_To do_
Print the listing below only from the line that has "We were joined" through the line that has "Sur un mot dit", exactly, and drop any picture.

_Available records_
════════════════

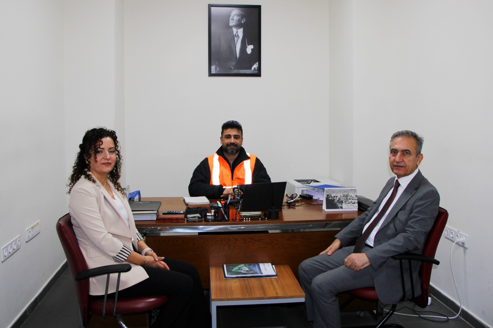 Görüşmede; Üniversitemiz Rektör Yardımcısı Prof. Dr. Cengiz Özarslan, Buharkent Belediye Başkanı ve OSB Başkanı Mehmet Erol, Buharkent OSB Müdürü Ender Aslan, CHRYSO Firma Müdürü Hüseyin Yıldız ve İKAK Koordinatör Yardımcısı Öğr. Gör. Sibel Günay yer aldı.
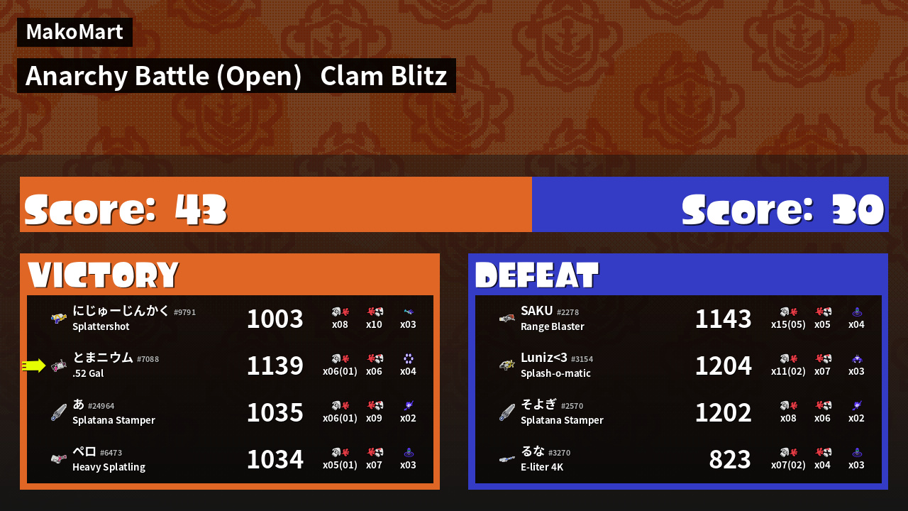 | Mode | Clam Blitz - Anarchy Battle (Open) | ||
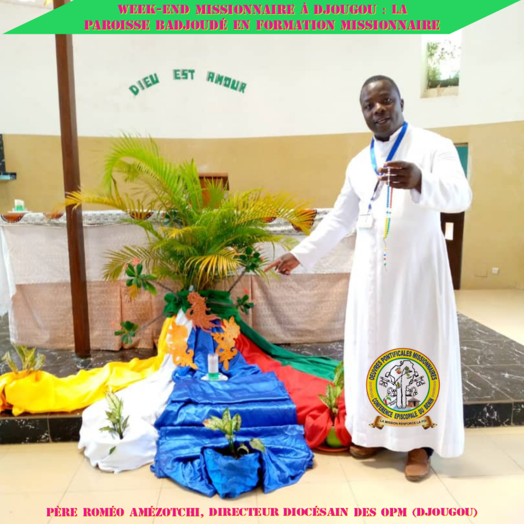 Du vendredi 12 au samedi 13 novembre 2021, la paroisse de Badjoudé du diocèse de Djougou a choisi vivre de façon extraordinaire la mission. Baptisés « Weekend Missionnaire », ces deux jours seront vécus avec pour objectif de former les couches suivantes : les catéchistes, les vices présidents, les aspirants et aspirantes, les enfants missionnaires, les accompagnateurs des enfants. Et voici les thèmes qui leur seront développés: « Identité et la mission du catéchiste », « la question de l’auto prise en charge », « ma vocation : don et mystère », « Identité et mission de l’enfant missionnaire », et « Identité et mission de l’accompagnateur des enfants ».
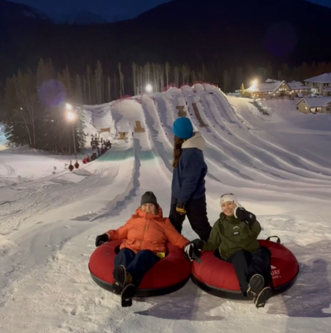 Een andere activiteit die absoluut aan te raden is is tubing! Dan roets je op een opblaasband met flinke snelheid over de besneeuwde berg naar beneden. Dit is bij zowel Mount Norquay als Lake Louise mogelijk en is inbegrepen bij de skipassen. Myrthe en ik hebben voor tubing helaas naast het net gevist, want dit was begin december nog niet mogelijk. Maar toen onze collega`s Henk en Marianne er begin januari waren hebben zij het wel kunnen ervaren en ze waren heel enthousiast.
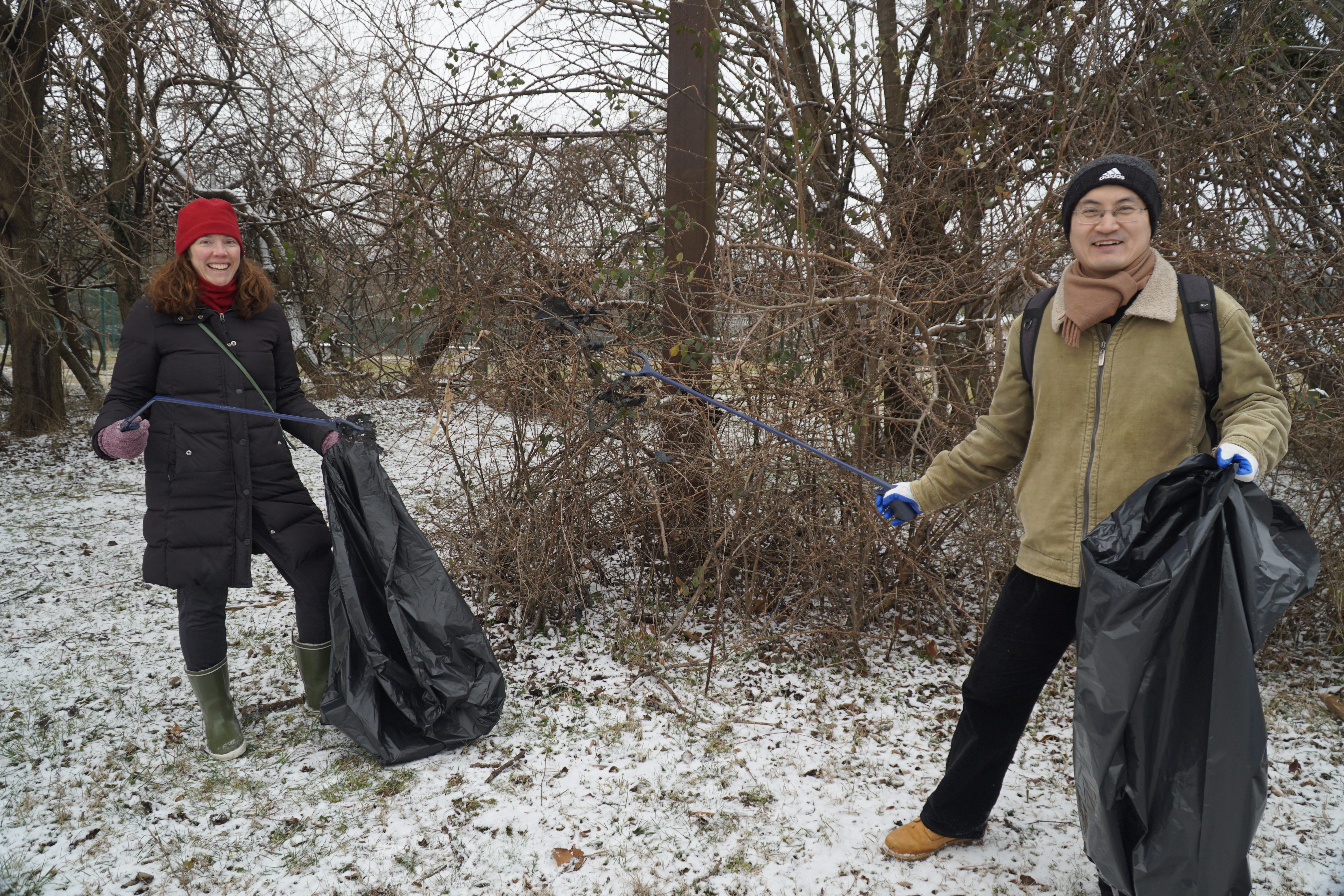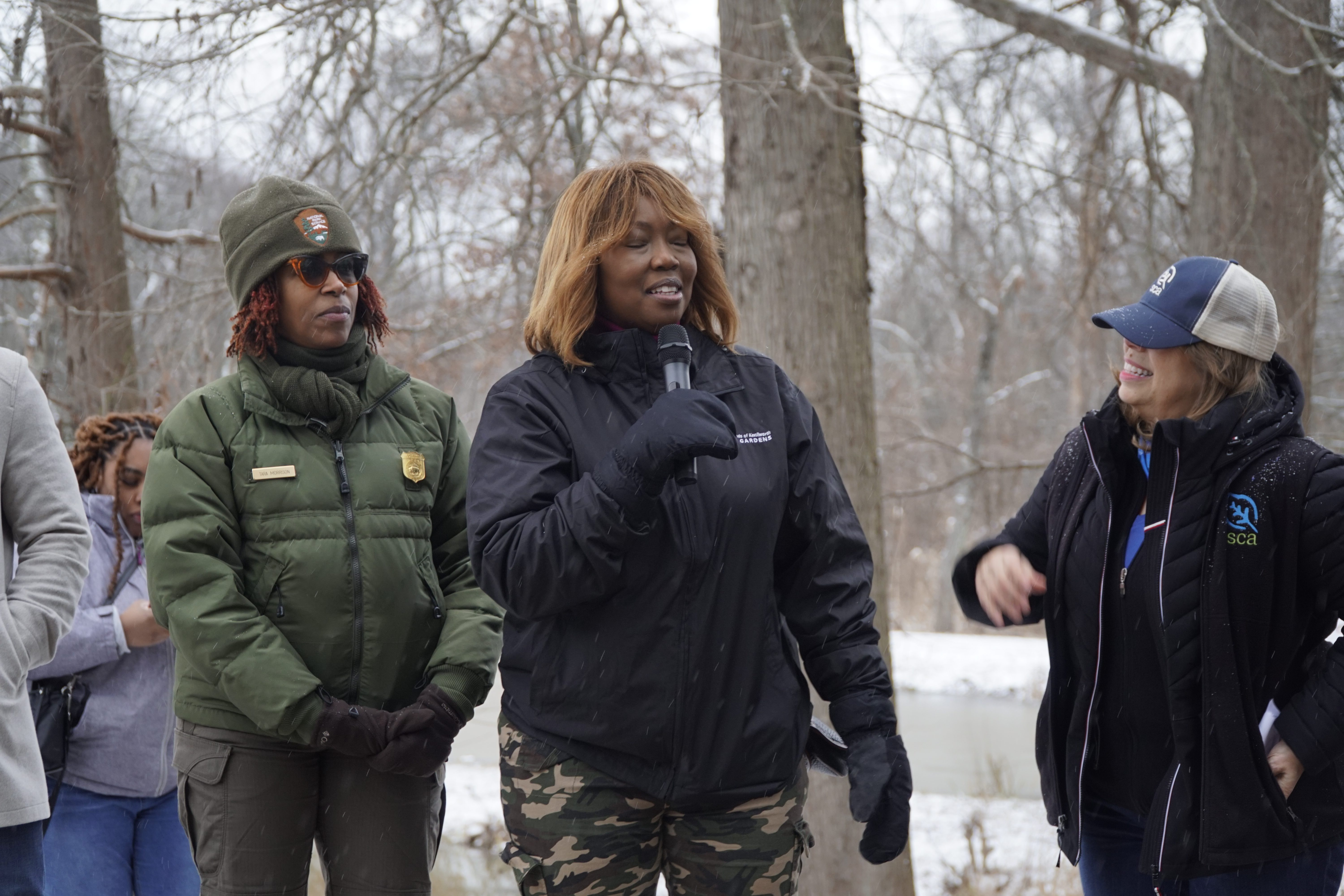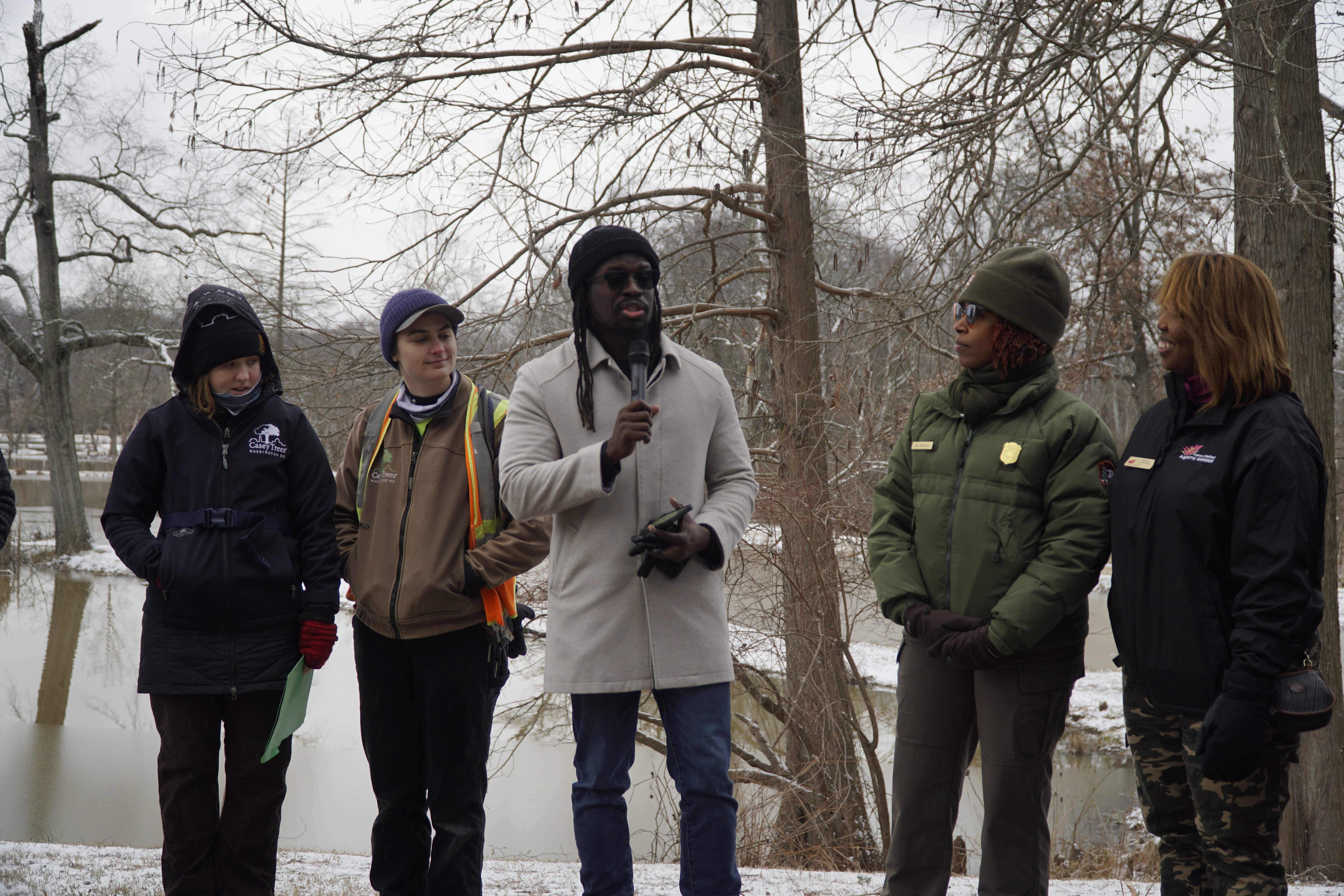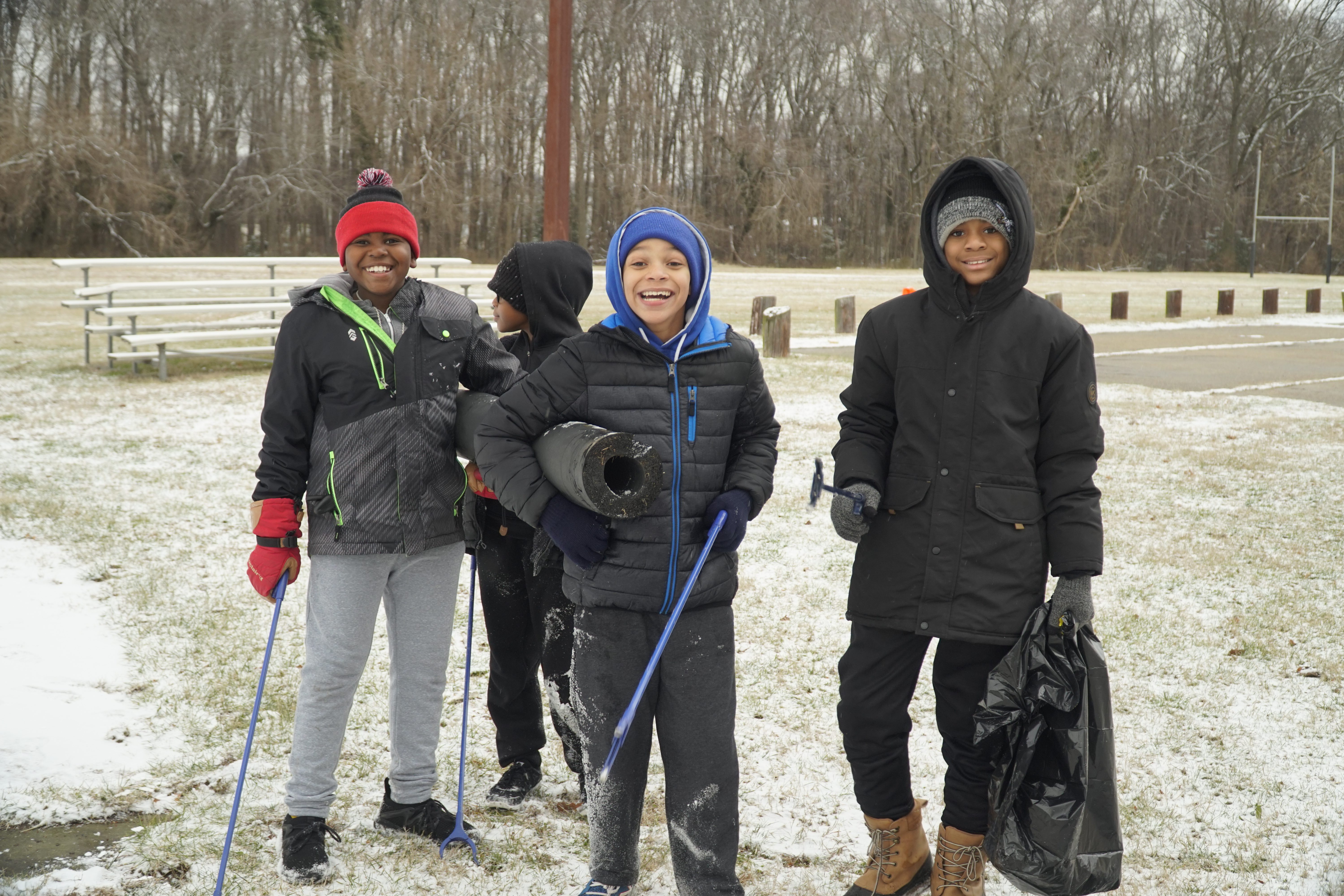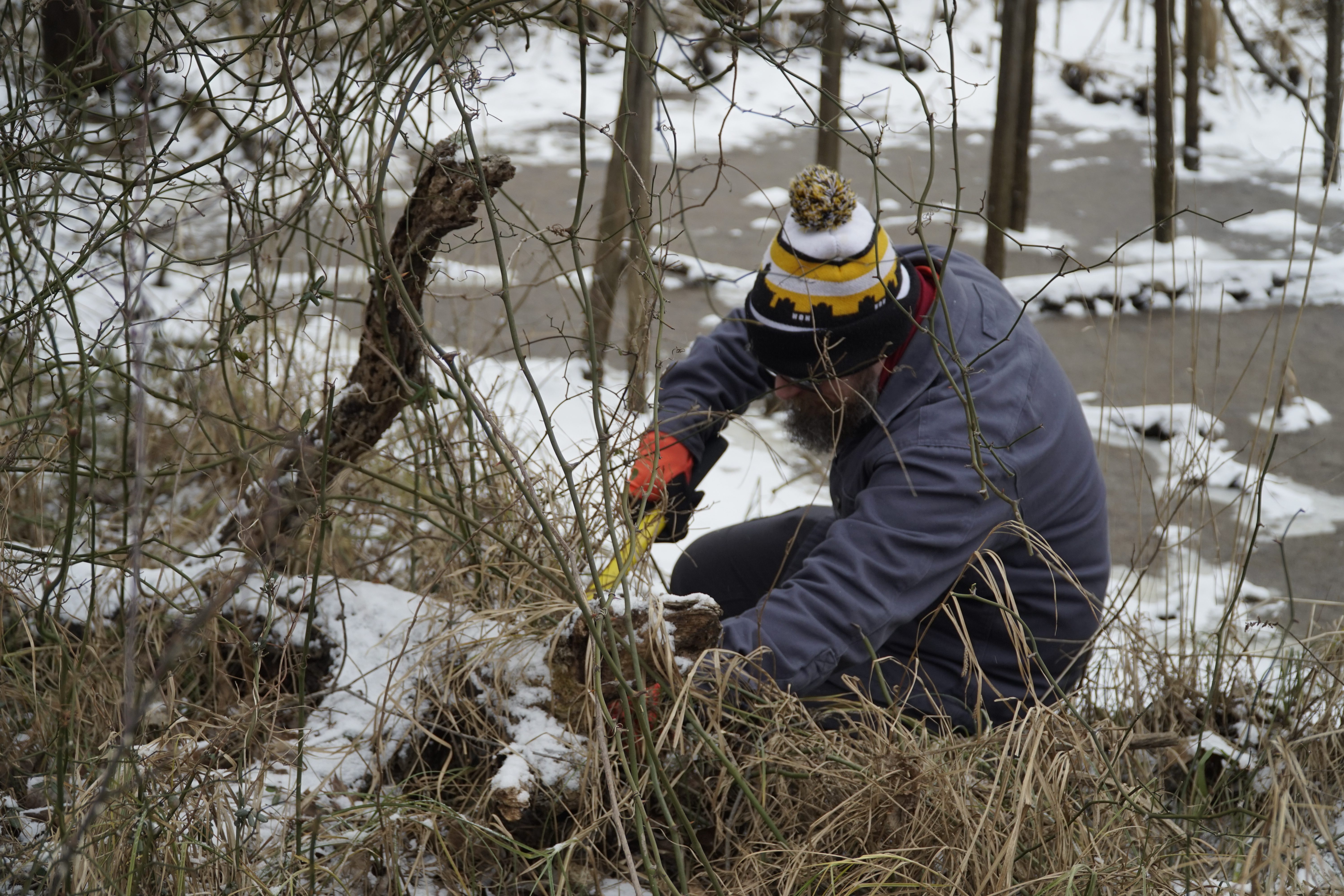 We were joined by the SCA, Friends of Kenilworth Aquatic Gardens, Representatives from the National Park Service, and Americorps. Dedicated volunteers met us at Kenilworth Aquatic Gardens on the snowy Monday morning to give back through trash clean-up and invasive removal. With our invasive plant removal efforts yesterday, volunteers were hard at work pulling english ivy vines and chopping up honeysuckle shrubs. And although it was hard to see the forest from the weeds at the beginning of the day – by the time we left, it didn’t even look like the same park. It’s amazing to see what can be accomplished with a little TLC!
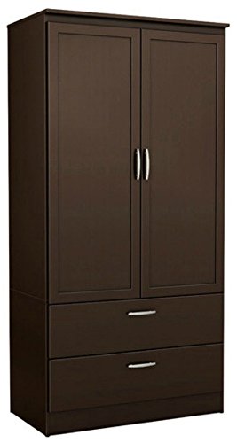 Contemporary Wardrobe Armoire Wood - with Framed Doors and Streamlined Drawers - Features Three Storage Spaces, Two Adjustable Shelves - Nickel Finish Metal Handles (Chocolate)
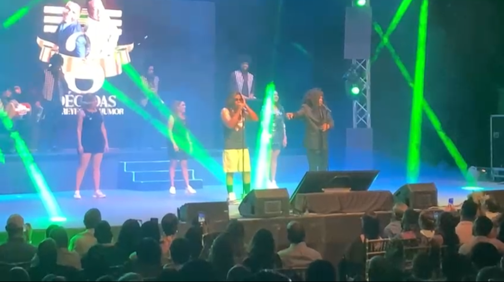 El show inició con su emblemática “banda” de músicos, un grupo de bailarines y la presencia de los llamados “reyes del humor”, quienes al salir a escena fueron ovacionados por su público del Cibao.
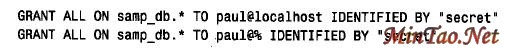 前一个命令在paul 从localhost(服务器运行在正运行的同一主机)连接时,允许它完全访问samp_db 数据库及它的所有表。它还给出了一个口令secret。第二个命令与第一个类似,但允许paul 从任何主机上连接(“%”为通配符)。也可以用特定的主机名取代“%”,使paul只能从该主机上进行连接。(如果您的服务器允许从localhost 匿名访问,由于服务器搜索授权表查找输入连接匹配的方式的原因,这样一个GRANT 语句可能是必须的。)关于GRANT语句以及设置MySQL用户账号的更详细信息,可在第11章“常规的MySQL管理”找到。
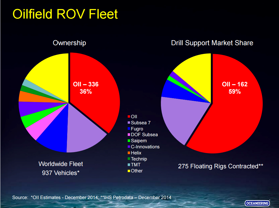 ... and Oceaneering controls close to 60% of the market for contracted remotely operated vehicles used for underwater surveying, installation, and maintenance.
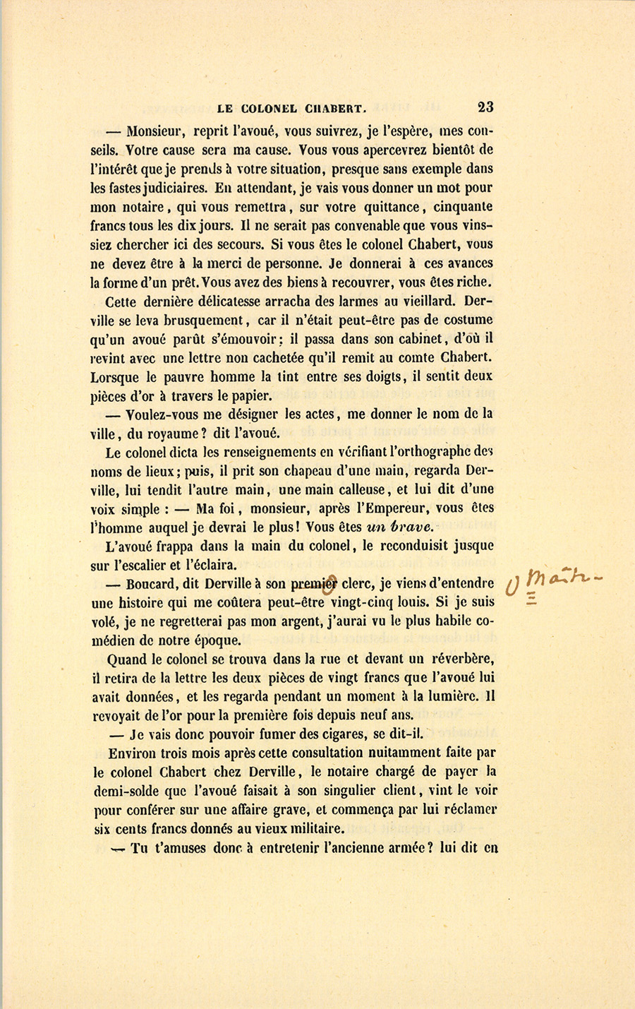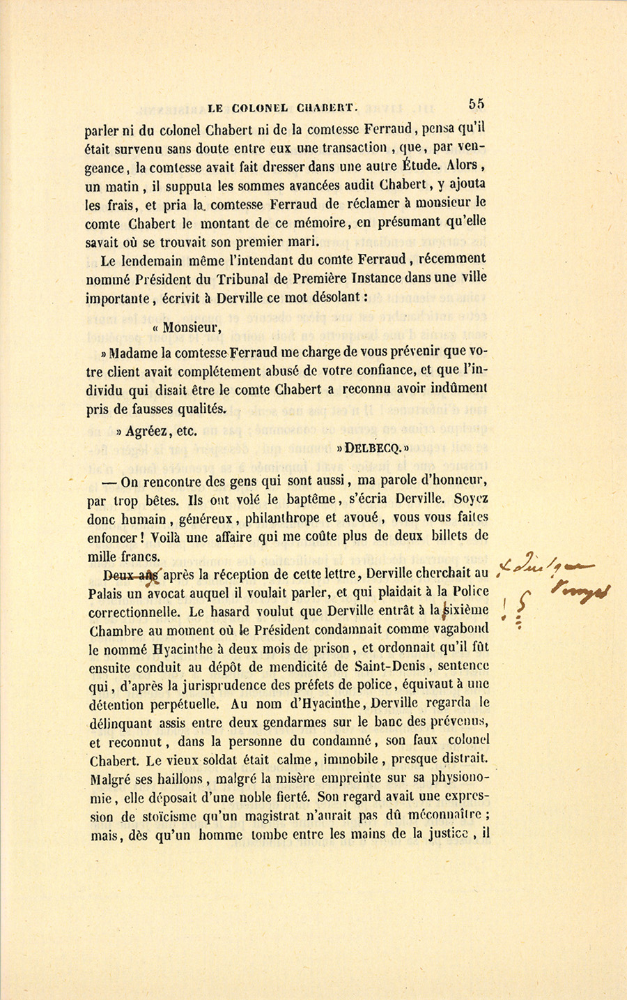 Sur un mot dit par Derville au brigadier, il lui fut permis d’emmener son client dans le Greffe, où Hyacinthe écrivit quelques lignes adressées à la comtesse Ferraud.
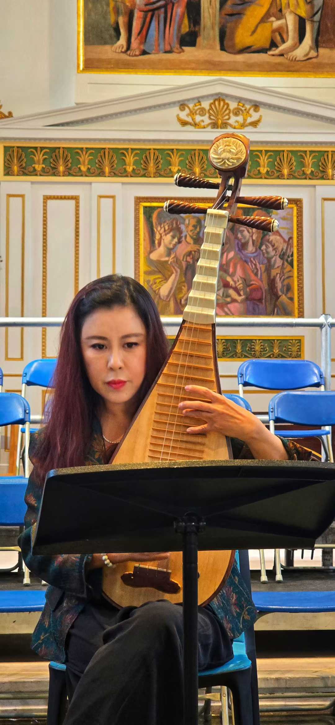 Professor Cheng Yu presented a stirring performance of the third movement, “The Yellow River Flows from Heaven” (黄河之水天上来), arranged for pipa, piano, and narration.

════════════════

_Answer box_
 We were joined by the SCA, Friends of Kenilworth Aquatic Gardens, Representatives from the National Park Service, and Americorps. Dedicated volunteers met us at Kenilworth Aquatic Gardens on the snowy Monday morning to give back through trash clean-up and invasive removal. With our invasive plant removal efforts yesterday, volunteers were hard at work pulling english ivy vines and chopping up honeysuckle shrubs. And although it was hard to see the forest from the weeds at the beginning of the day – by the time we left, it didn’t even look like the same park. It’s amazing to see what can be accomplished with a little TLC!
 Contemporary Wardrobe Armoire Wood - with Framed Doors and Streamlined Drawers - Features Three Storage Spaces, Two Adjustable Shelves - Nickel Finish Metal Handles (Chocolate)
 El show inició con su emblemática “banda” de músicos, un grupo de bailarines y la presencia de los llamados “reyes del humor”, quienes al salir a escena fueron ovacionados por su público del Cibao.
 前一个命令在paul 从localhost(服务器运行在正运行的同一主机)连接时,允许它完全访问samp_db 数据库及它的所有表。它还给出了一个口令secret。第二个命令与第一个类似,但允许paul 从任何主机上连接(“%”为通配符)。也可以用特定的主机名取代“%”,使paul只能从该主机上进行连接。(如果您的服务器允许从localhost 匿名访问,由于服务器搜索授权表查找输入连接匹配的方式的原因,这样一个GRANT 语句可能是必须的。)关于GRANT语句以及设置MySQL用户账号的更详细信息,可在第11章“常规的MySQL管理”找到。
 ... and Oceaneering controls close to 60% of the market for contracted remotely operated vehicles used for underwater surveying, installation, and maintenance.
 Sur un mot dit par Derville au brigadier, il lui fut permis d’emmener son client dans le Greffe, où Hyacinthe écrivit quelques lignes adressées à la comtesse Ferraud.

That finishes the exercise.